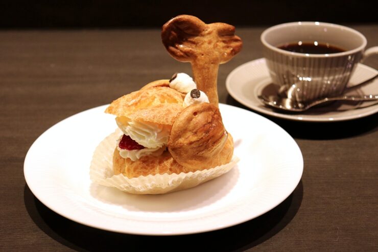 今回の復活にあたり、自社工房「ぴよりんアトリエ」にて素材選びから製法まで徹底的に見直し、従来の味わいを大切にしながらも、品質と美味しさを格段に向上させたとのこと。しっかりとした食感のシューの中に、たっぷりのカスタードクリームと生クリームが詰まっています。尾の部分のかりっとした歯触りも楽しいです。
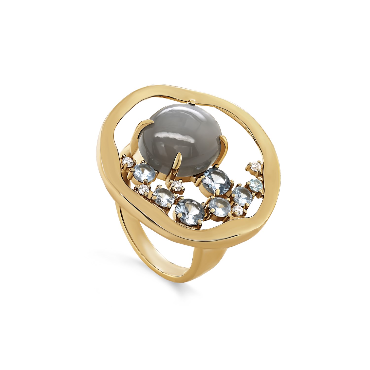 [NAME] => Кольцо из серебра с лунным камнем и фианитами
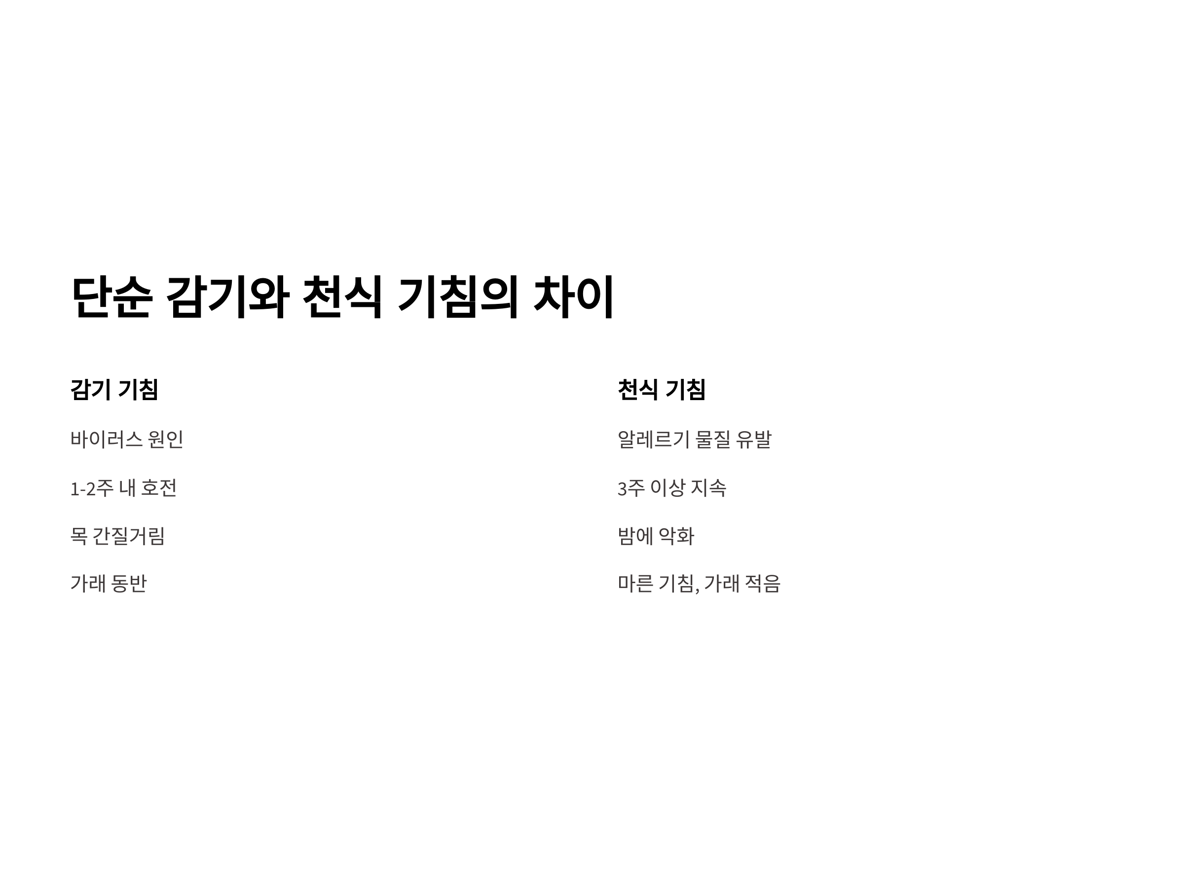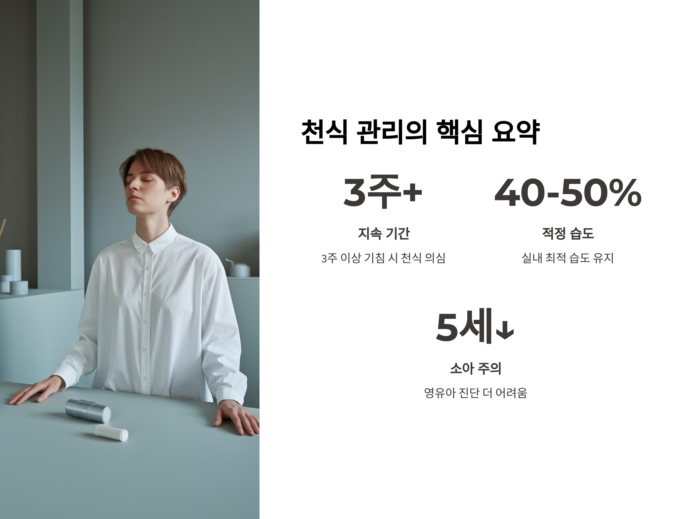 에어컨이나 난방으로 실내 공기가 건조해질 경우 가습기를 사용하는 것도 좋은 방법이며, 외출 시에는 목도리로 목을 보호해 외부 자극을 줄이는 것도 중요합니다. 충분한 수면을 통해 면역력을 유지하는 것도 빠른 회복에 도움이 됩니다.
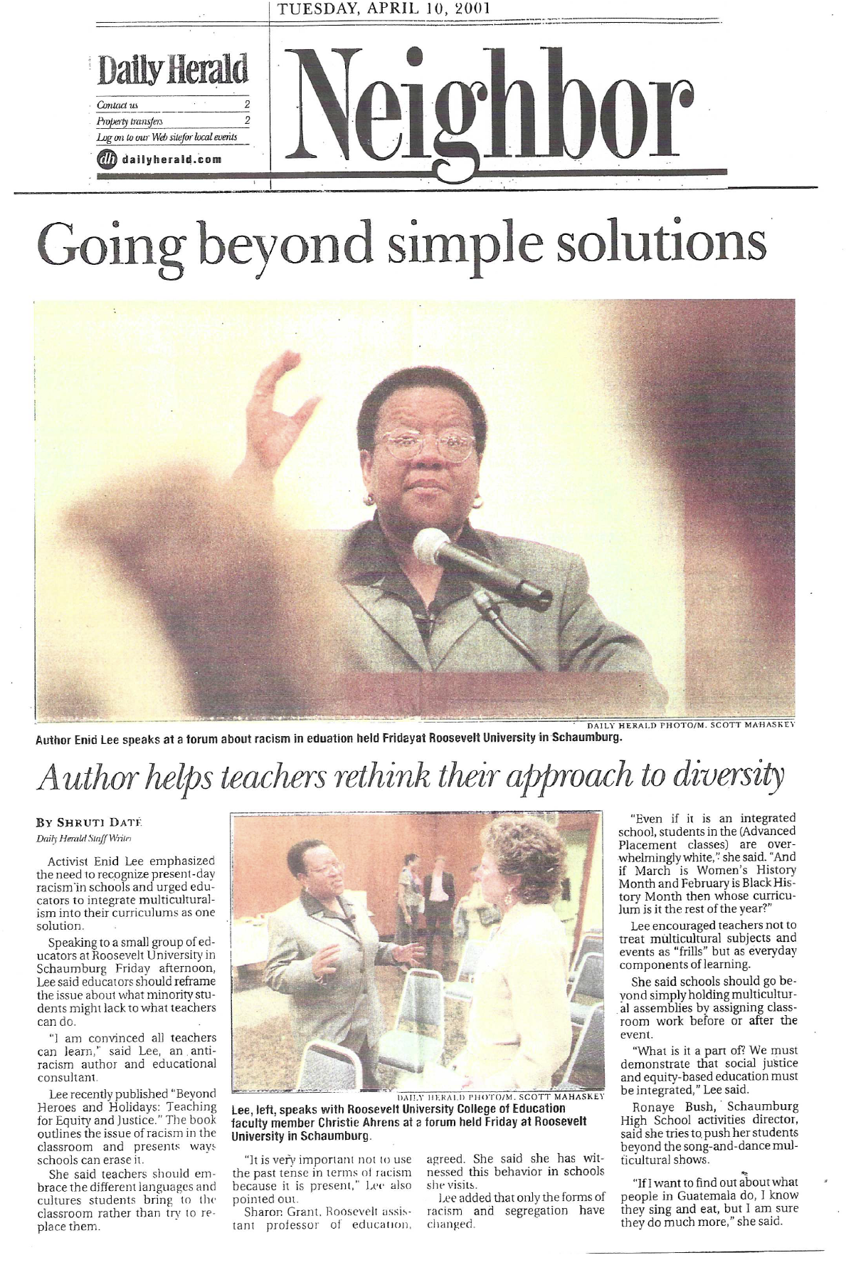 Going beyond simple solutions: Author helps teachers rethink their approach to diversity / Daily Herald / April 10, 2001
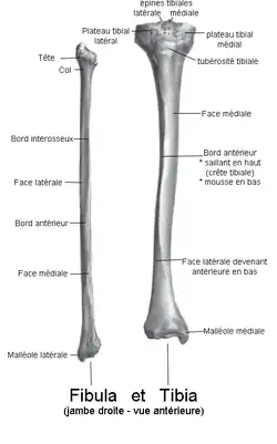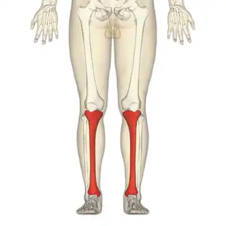 En anatomie humaine, le tibia est un os long pair du membre inférieur. Il constitue avec la fibula le squelette de la jambe. C'est le deuxième plus long os du corps humain, le plus long étant le fémur.
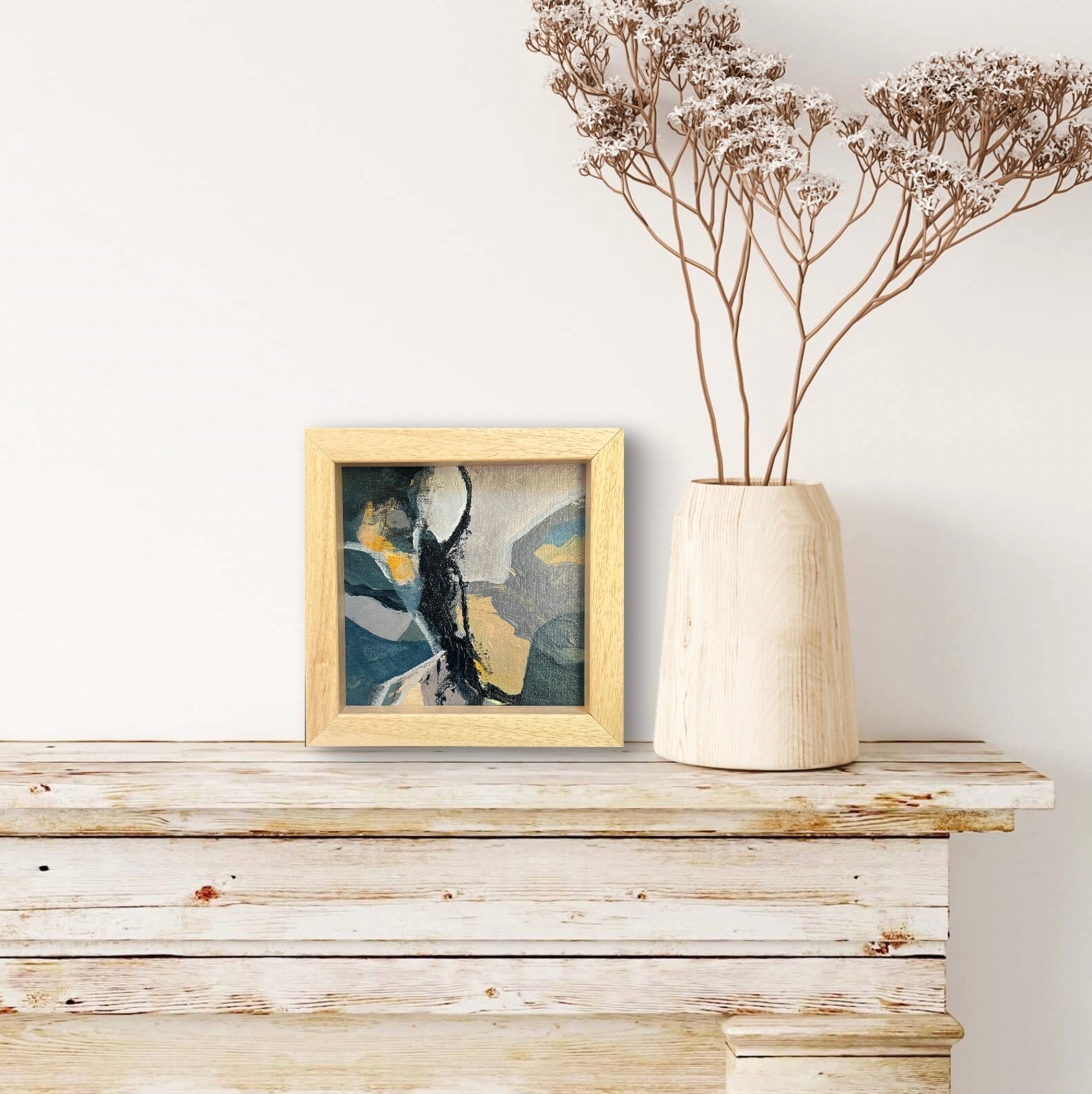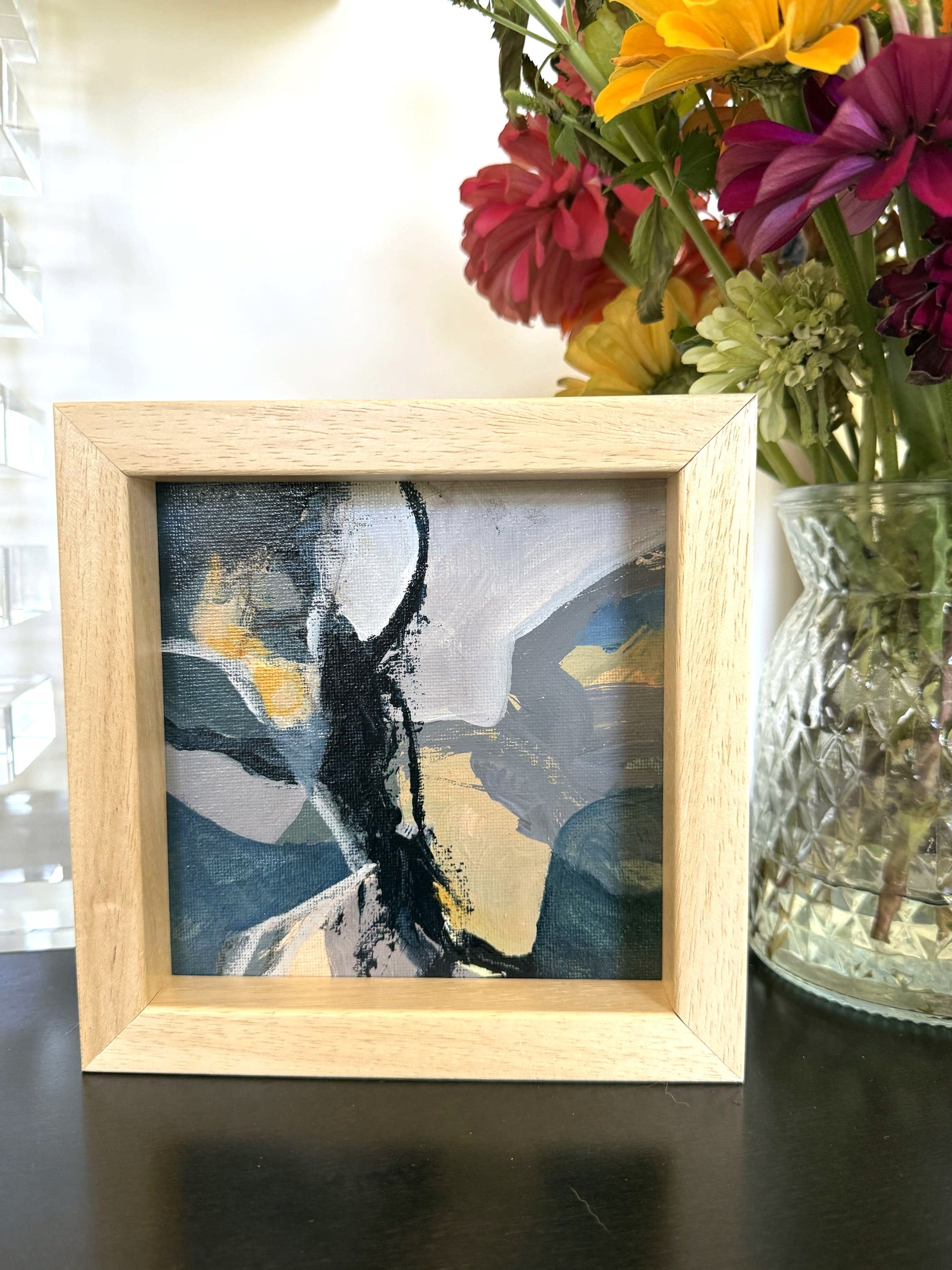 6" x 6" acrylic on canvas panel in a beautiful wood frame as shown. Framed size is 7" x 7" x 1.25". Wide enough to sit on a flat surface or use the sawtooth hanger on back to hang on a wall.

★ ★ ★ ★

What you are asked to do: None of the pictures belong in the result. Print exactly the lines from the one containing "[NAME] => Кольцо" through the final line of the entries.

Task answer:
 [NAME] => Кольцо из серебра с лунным камнем и фианитами
 에어컨이나 난방으로 실내 공기가 건조해질 경우 가습기를 사용하는 것도 좋은 방법이며, 외출 시에는 목도리로 목을 보호해 외부 자극을 줄이는 것도 중요합니다. 충분한 수면을 통해 면역력을 유지하는 것도 빠른 회복에 도움이 됩니다.
 Going beyond simple solutions: Author helps teachers rethink their approach to diversity / Daily Herald / April 10, 2001
 En anatomie humaine, le tibia est un os long pair du membre inférieur. Il constitue avec la fibula le squelette de la jambe. C'est le deuxième plus long os du corps humain, le plus long étant le fémur.
 6" x 6" acrylic on canvas panel in a beautiful wood frame as shown. Framed size is 7" x 7" x 1.25". Wide enough to sit on a flat surface or use the sawtooth hanger on back to hang on a wall.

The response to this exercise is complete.